Huh. To be honest, I wouldn't know what to use it for. Most shops here don't accept them, and if someone paid me with one, I'd probably have to contact my bank, since they don't have any automated facilities for cashing them.
They just seem like an artifact from a bygone era.
In Canada the banks look at you funny but will issue chequebooks if you ask. (Source: am an American immigrant to Canada, refuse to sign up for our apartment management company's auto-rent-payment thingy. Rent is the only thing we use them for.)
Some nitpicks. some of which are serious are some of which are sneers...
consternating about the policy implications of Sam Altman’s speculative fan fiction
Hey, the fanfiction is actually Eliezer's (who in turn copied it from older scifi), Sam Altman just popularized it as a way of milking the doom for hype!

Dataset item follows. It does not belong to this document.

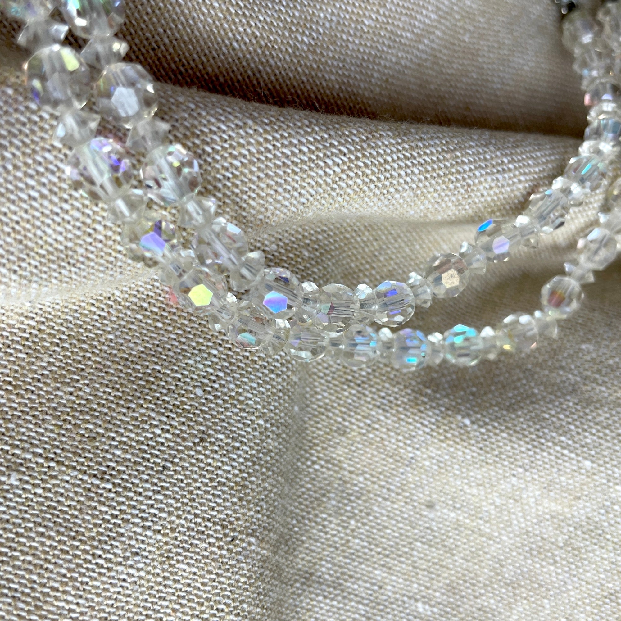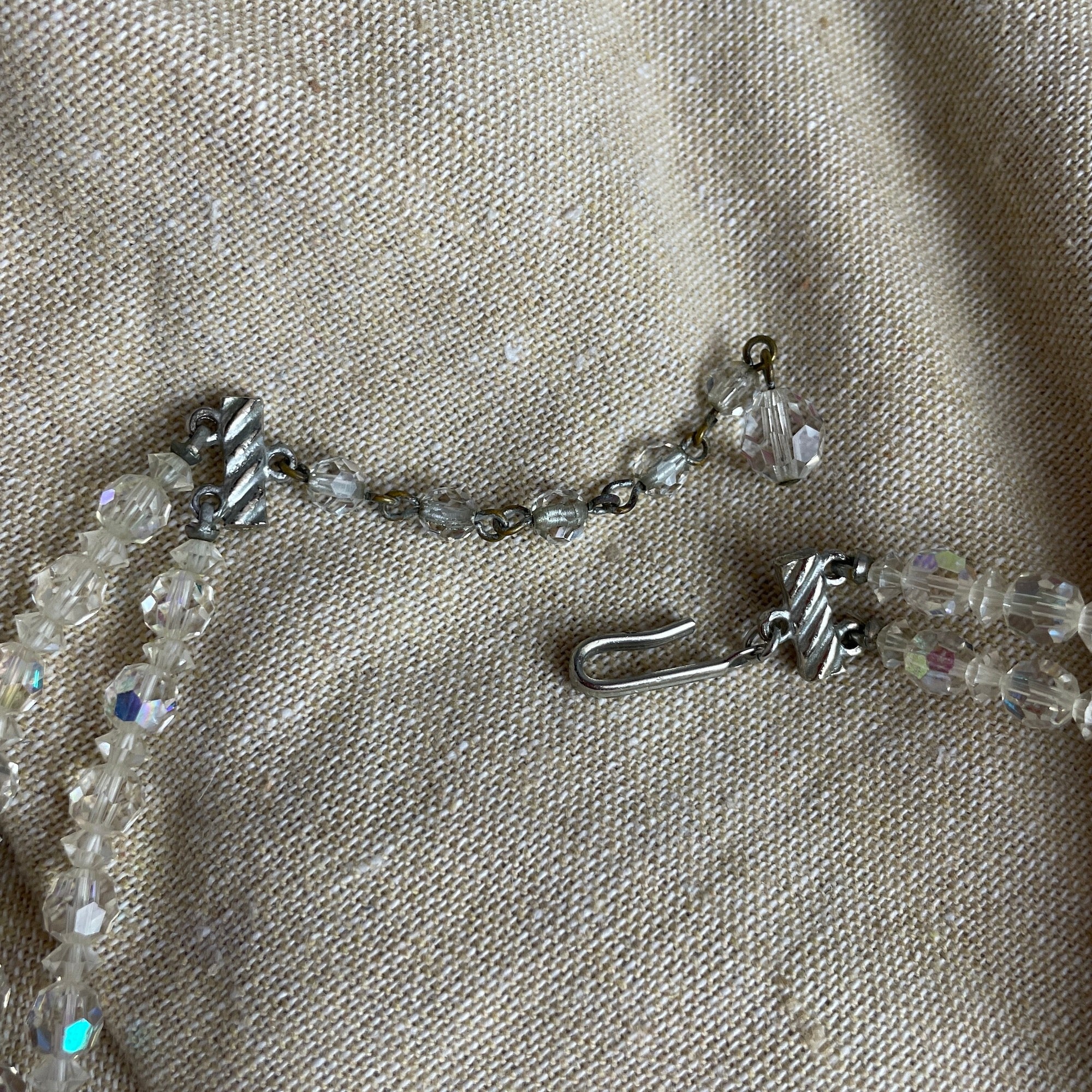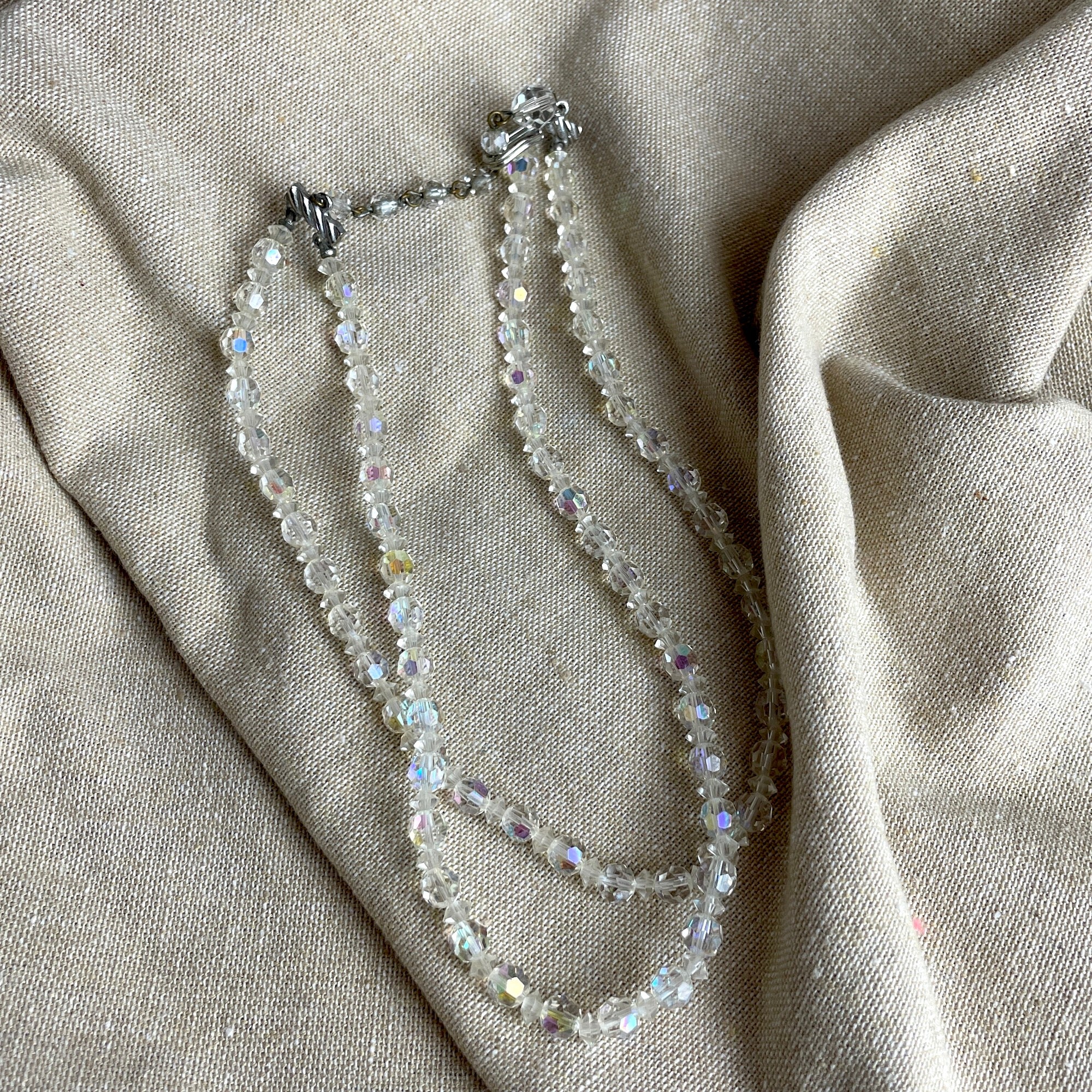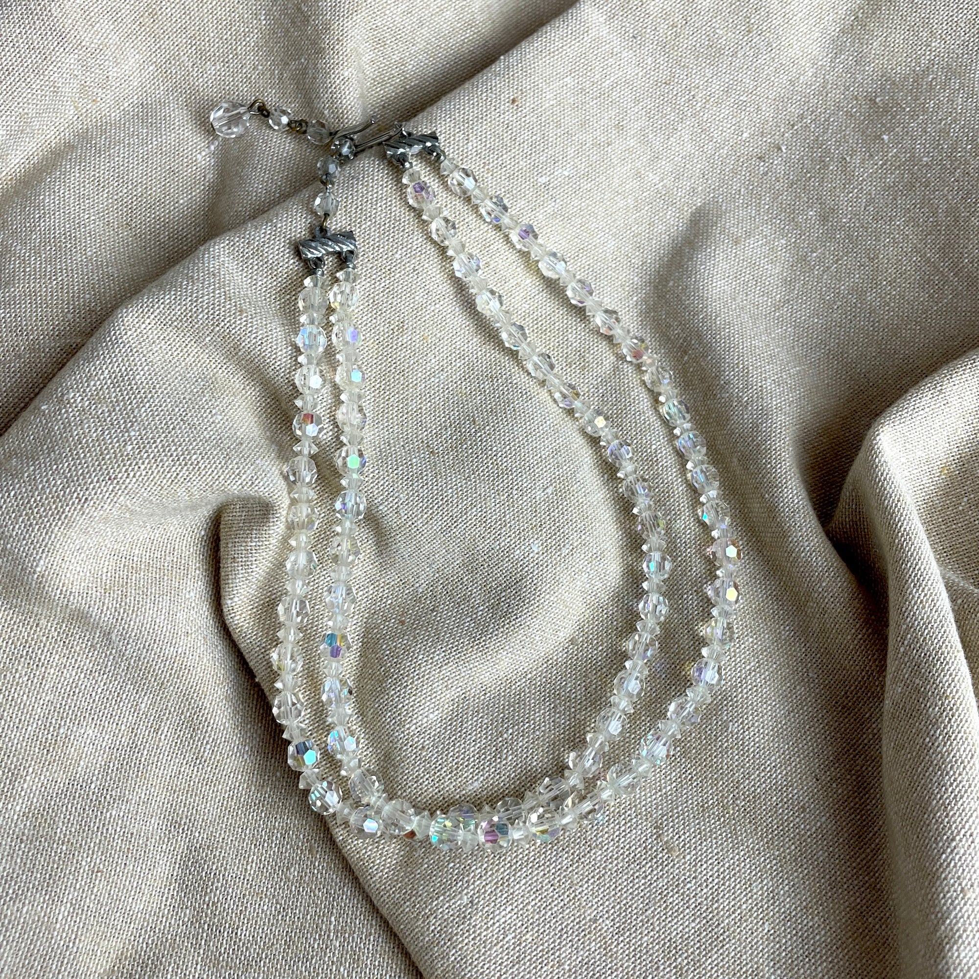 Vintage crystal necklace with aurora borealis sparkle. Two strands with hook clasp and extender. Short choker length. All beads are the same size.

So, for starters, in order to fit something as powerful as ChatGPT onto ordinary hardware you could buy in a store, you would need to see at least three more orders of magnitude in the density of RAM chips—leaving completely aside for now the necessary vector compute.
Well actually, you can get something close to as powerful on a personal computer... because the massive size of ChatGPT and the like don't actually improve their performance that much (the most useful thing I think is the longer context window?).
I actually liked one of the lawfare AI articles recently (even though it did lean into a light fantasy scenario)... https://www.lawfaremedia.org/article/tort-law-should-be-the-centerpiece-of-ai-governance . Their main idea is that corporations should be liable for near-misses. Like if it can be shown that the corporation nearly caused a much bigger disaster, they get fined in accordance with the bigger disaster. Of course, US courts routinely fail to properly penalize (either in terms of incentives of in terms of compensation) corporations for harms they actually cause, so this seems like a distant fantasy to me.
AI has no initiative. It doesn’t want anything
That’s next on the roadmap though, right? AI agents?
Well... if the way corporations have tried to use ChatGPT has taught me anything, its that they'll misapply AI in any and every way that looks like it might save or make a buck. So they'll slap an API to a AI it into a script to turn it into an "agent" despite that being entirely outside the use case of spewing words. It won't actually be agentic, but I bet it could cause a disaster all the same!
Short fiction of AGI takeover is a lesswrong tradition! And some longer fics too! Are you actually looking for specific examples and/or links? Lots of them are fun, in a sci-fi short form kind of way. The goofier ones and cringer ones are definitely sneerable.